WHAT THE TASK REQUIRES> Between the line containing "- WinMerge 对比: 使用" and the line containing "- realme 3 รุ่นความจุ" lies a run of lines; give that run again exactly, with both of those lines, and nothing else from the entries below.

RECORDS FOR THIS EXERCISE>
#####

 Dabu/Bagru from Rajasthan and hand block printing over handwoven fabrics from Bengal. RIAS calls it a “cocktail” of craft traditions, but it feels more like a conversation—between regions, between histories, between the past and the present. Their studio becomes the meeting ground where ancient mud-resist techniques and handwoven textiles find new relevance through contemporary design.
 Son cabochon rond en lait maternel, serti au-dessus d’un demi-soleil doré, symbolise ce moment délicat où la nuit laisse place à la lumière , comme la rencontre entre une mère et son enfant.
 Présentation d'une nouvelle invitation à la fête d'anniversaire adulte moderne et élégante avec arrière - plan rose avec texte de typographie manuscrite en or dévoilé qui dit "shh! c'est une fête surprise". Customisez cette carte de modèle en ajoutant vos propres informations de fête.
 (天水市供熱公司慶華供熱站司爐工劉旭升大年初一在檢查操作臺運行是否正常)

#####

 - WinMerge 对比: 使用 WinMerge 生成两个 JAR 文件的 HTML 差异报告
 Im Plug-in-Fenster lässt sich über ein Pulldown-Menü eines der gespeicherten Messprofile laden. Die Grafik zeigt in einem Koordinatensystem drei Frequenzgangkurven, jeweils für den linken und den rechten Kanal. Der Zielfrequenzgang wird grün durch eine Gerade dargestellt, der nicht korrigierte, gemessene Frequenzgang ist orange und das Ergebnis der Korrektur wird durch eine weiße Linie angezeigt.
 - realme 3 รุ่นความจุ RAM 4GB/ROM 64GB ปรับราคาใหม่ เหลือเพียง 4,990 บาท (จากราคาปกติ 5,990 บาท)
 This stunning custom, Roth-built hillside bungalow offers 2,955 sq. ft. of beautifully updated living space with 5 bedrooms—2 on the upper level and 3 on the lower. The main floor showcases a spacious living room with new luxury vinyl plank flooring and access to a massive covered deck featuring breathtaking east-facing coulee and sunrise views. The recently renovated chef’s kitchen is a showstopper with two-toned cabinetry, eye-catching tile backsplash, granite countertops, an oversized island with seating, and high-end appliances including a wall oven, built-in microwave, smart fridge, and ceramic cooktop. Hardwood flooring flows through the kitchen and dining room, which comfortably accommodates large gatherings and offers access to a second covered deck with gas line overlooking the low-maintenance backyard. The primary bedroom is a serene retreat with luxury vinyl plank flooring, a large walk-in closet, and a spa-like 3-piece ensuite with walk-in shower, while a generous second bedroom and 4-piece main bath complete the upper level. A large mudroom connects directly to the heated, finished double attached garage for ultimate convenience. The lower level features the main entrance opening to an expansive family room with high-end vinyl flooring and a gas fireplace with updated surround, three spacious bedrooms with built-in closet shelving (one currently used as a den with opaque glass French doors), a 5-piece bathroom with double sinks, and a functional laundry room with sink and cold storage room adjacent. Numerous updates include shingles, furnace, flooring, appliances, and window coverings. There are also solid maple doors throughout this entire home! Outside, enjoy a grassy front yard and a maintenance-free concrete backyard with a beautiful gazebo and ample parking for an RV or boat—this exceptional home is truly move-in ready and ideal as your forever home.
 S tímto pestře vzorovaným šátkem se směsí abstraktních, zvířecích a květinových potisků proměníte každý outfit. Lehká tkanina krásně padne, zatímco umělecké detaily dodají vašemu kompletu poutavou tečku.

#####

RESULT OF THE TASK>
 - WinMerge 对比: 使用 WinMerge 生成两个 JAR 文件的 HTML 差异报告
 Im Plug-in-Fenster lässt sich über ein Pulldown-Menü eines der gespeicherten Messprofile laden. Die Grafik zeigt in einem Koordinatensystem drei Frequenzgangkurven, jeweils für den linken und den rechten Kanal. Der Zielfrequenzgang wird grün durch eine Gerade dargestellt, der nicht korrigierte, gemessene Frequenzgang ist orange und das Ergebnis der Korrektur wird durch eine weiße Linie angezeigt.
 - realme 3 รุ่นความจุ RAM 4GB/ROM 64GB ปรับราคาใหม่ เหลือเพียง 4,990 บาท (จากราคาปกติ 5,990 บาท)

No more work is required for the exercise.